Ich denke dass "La Responsabilidad Medioambiental" = "Umwelthaftung". 

Aber über "Un régimen por daños al Medio Ambiente" habe ich versucht und ich habe keine Ahnung.

Vielen Dank!


----------



## Alemanita

Hallo granburny,

es ist immer schwierig, nur Titel zu übersetzen. Könntst du etwas mehr Information geben, worum es sich handelt?
Siempre es difícil traducir sólo los títulos. Podrías darnos un poquito más de información sobre el tema?
A bote pronto diría que: La Responsabilidad Medioambiental = Die Verpflichtung gegenüber der Umwelt, pues lo interpreto así que nosotros somos responsables del medio ambiente, y no que éste sea responsable de algo.

Un saludo.


----------



## Geviert

Podría ser: _die Unweltverantwortung: ein Rechtssatz zu Unweltschäden._ Dependiendo del tipo de régimen se podrá decir_ Umwelthaftplichtversicherung_  (más generalmente _Umweltschadengesetz _/_Umwelthaftungsgesetz_ /_Umwelthaftplichtversicherungsgesetz_).

El término _régimen _en alemán pertenece tendencialmente al léxico político (_Herrschaftsform_), intuyo que en este caso te refieres más bien al conjunto de normas que rigen algo. En alemán ya se sobrentiende con el término _Gesetz_ (que no es solo "ley"), en todo caso será necesario controlar si el tema del trabajo se refiere explicitamente a la _Umwelthaftplichtversicherung_.


----------



## granburny

Danke sehr!

Ich gebe ein bisschen mehr *[COLOR=#0][/COLOR]*Information.

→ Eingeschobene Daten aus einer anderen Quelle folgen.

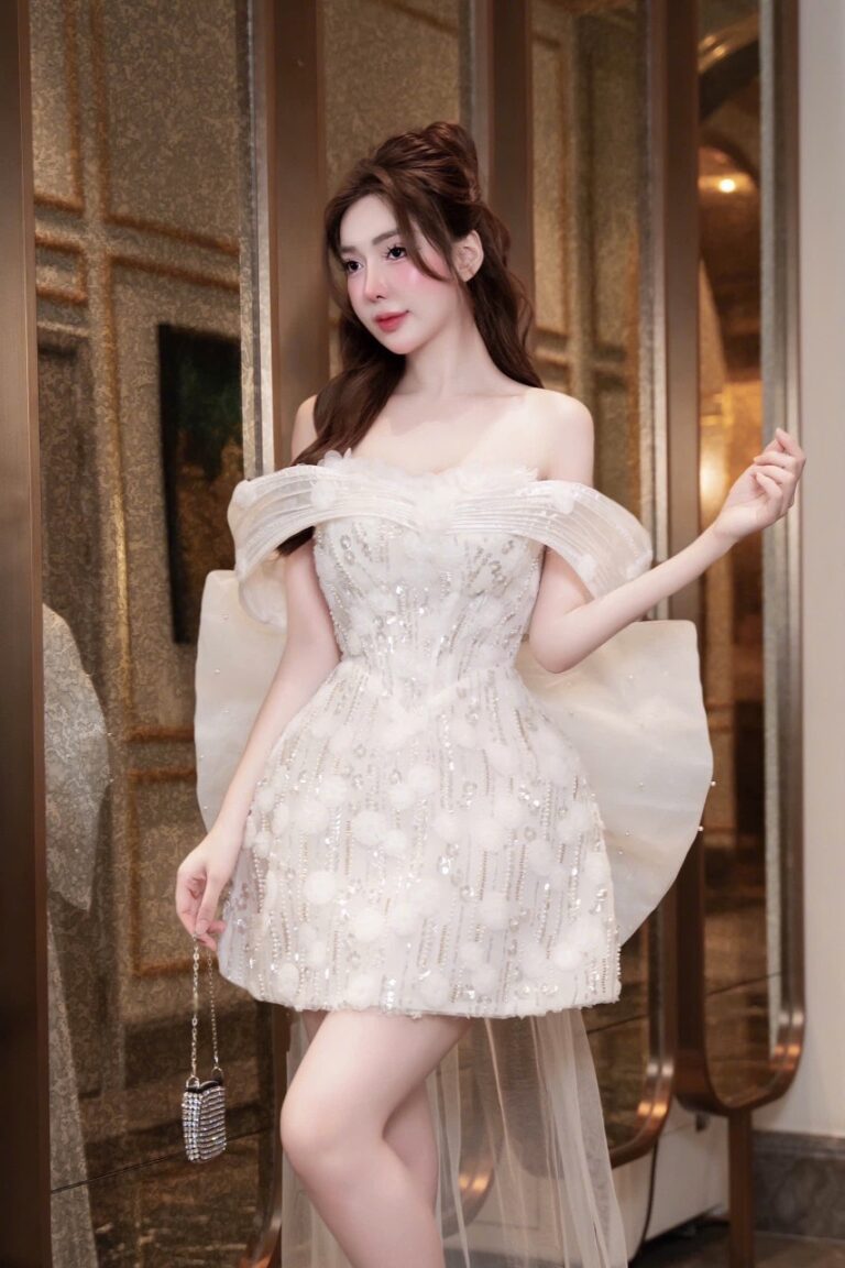 ชุดเดรส ปาดไหล่ แต่งดอก สีขาว-ครีม 2003 Size S

- La Responsabilidad Medioambiental: 
Ich spreche über: 
das "Gesetz zur Umsetzung der Richtlinie des Europäischen Parlaments und des Rates über die Umwelthaftung zur Vermeidung und Sanierung von Umweltschäden vom 10. Mai 2007 (BGBl. I 2007 S. 666) (EGUSchadG)". Dieses Gesetz hat verschidenen Gesetze:

 "Gesetz über die Vermeidung und Sanierung von Umweltschäden vom 10. Mai 2007, BGBl. I 19, S. 666, Umweltschadensgesetz) (USchadG)" und das "Umwelthaftungsgesetz vom 10. Dezember 1990 ( BGBl. I 1990 S. 2634) (UmweltHG)"

Mehr oder weniger diese Gesetze sagen: Wenn jemand ein Umweltschäden macht, muss er es reparieren (er muss es bezhalen) /
Mas o menos estas leyes dicen: Si alguien produce un daño al medio ambiente, esa persona debe repararlo (debe pagar su reparación).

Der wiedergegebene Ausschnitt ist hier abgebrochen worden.